Tomorrow, London will be black and white and that is saying something, given that their opponent, Manchester United, is the best supported team in the country.

A lot about Newcastle still feels a bit complicated. The problems over his Saudi ownership will not go away and neither should they. A corner shot from the stadium is an Amnesty International bookstore. Given Saudi Arabia’s human rights record, the juxtaposition of the two couldn’t be clearer.

But football has been easy under Howe, even if a dip in form leads Newcastle into tomorrow’s showpiece as second favourite.

However, they will not lack courage. Howe teams never have. His time at Bournemouth was largely one of steady improvement. The gravity that he took over a team playing in the Premier League in front of a capacity of 11,500 was always likely to get them in the end. When he did, in 2020, Howe was ready to go and began a 15-month stint from the game that he insists was now deliberate.

“That was self-induced, my decision,” Howe said. ‘I felt like it was my time to step away from the game, get better and then come back when I felt ready and when the opportunity was there and I felt like I couldn’t turn it down. That happened with Newcastle.

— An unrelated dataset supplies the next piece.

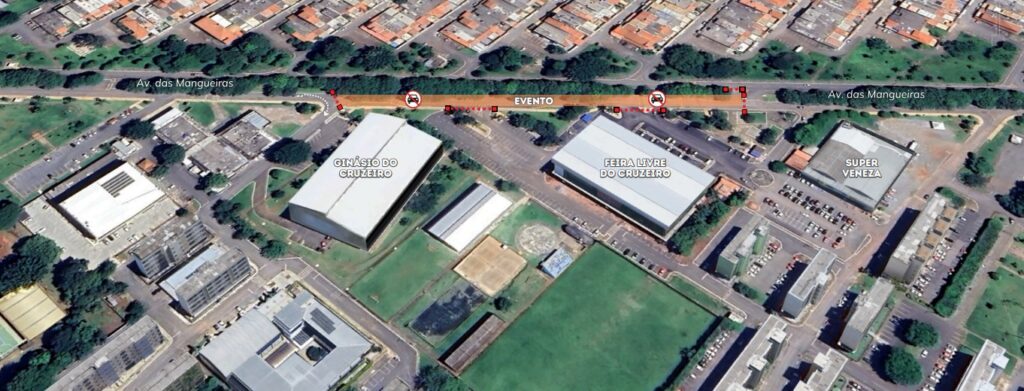 A partir das 9h, um trecho da Avenida das Mangueiras será interditado nas imediações do Ginásio do Cruzeiro e do Super Veneza. A liberação está prevista para as 13h.
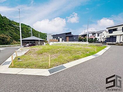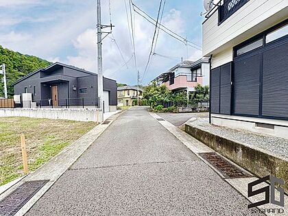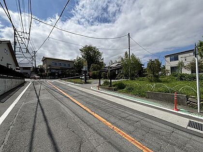 広々とした前面道路に面し、車の出し入れがしやすい現地外観。ゆとりある駐車スペースと開放感のある立地が魅力で、毎日の暮らしに快適さと安心をもたらすマイホームです。

Howe’s most difficult time in management was at Burnley a decade ago. When he was in his early thirties, he stepped away from the role after less than two years for personal reasons, widely accepted as a hardship coping with the passing of his mother.

When asked about her influence this week, Howe was candid, saying, “She’s on my mind before every game.” But I think that without a doubt, she will be even more in my thoughts, probably, this weekend.

When he was in charge of Burnley Howe he stepped down for personal reasons

“I would say 99.9 percent of me is because of her because she was my driving force growing up. She was a big, big influence on me, and I’m doing everything now really for her.

“She took me around Wembley when I was five or six, holding up the fake FA Cup, walking into the noise of the fake crowd. She was there doing that with me.

‘I don’t know if they still do it, but it was every child’s dream. But yes, it was the FA Cup. I can’t sit here and pretend it was the League Cup. But I have never forgotten that day. Wembley for me was an incredible place, a place that I was desperate to return to in some way in football.

If Newcastle’s visit is their last for a while, it will come as a surprise. Something will have gone wrong. If the club is to go where it needs to go from this point on, then an appearance in the League Cup final one day should be seen as a stage and nothing more.

Howe praised the Newcastle fans and is looking forward to them being rewarded with a trophy.

At the Back Page book and souvenir shop near St James’ Park, trade has been brisk this week and last Saturday, before Newcastle played Liverpool, the shop had its busiest afternoon in years. It feels like a moment in time for one of the biggest clubs in the country and it should be.

“The love these people have for the club,” Howe said. I would love to return that love with a trophy. I was watching the Premier League Years show last night and some clips of that Kevin Keegan team came up. The football they played was incredible, but that trophy was not there.

Howe’s playing career limped on for a further five years after that injury on his Portsmouth debut at Preston 21 years ago.

“I felt so lost and isolated because I could feel very early on that my career was slipping away from me,” he recalled. ‘I was shy, introverted. I felt like I had a good football brain but not necessarily a coaching perspective, so I didn’t know what would happen. It’s hard when you look at your life now and you’re looking at moments and thinking, “I’ve gone from that to this.” It’s an incredible change, really.

It’s taken Howe a while to get here, somewhere near the top. It’s safe to say that Newcastle’s return to prominence has been rather quicker.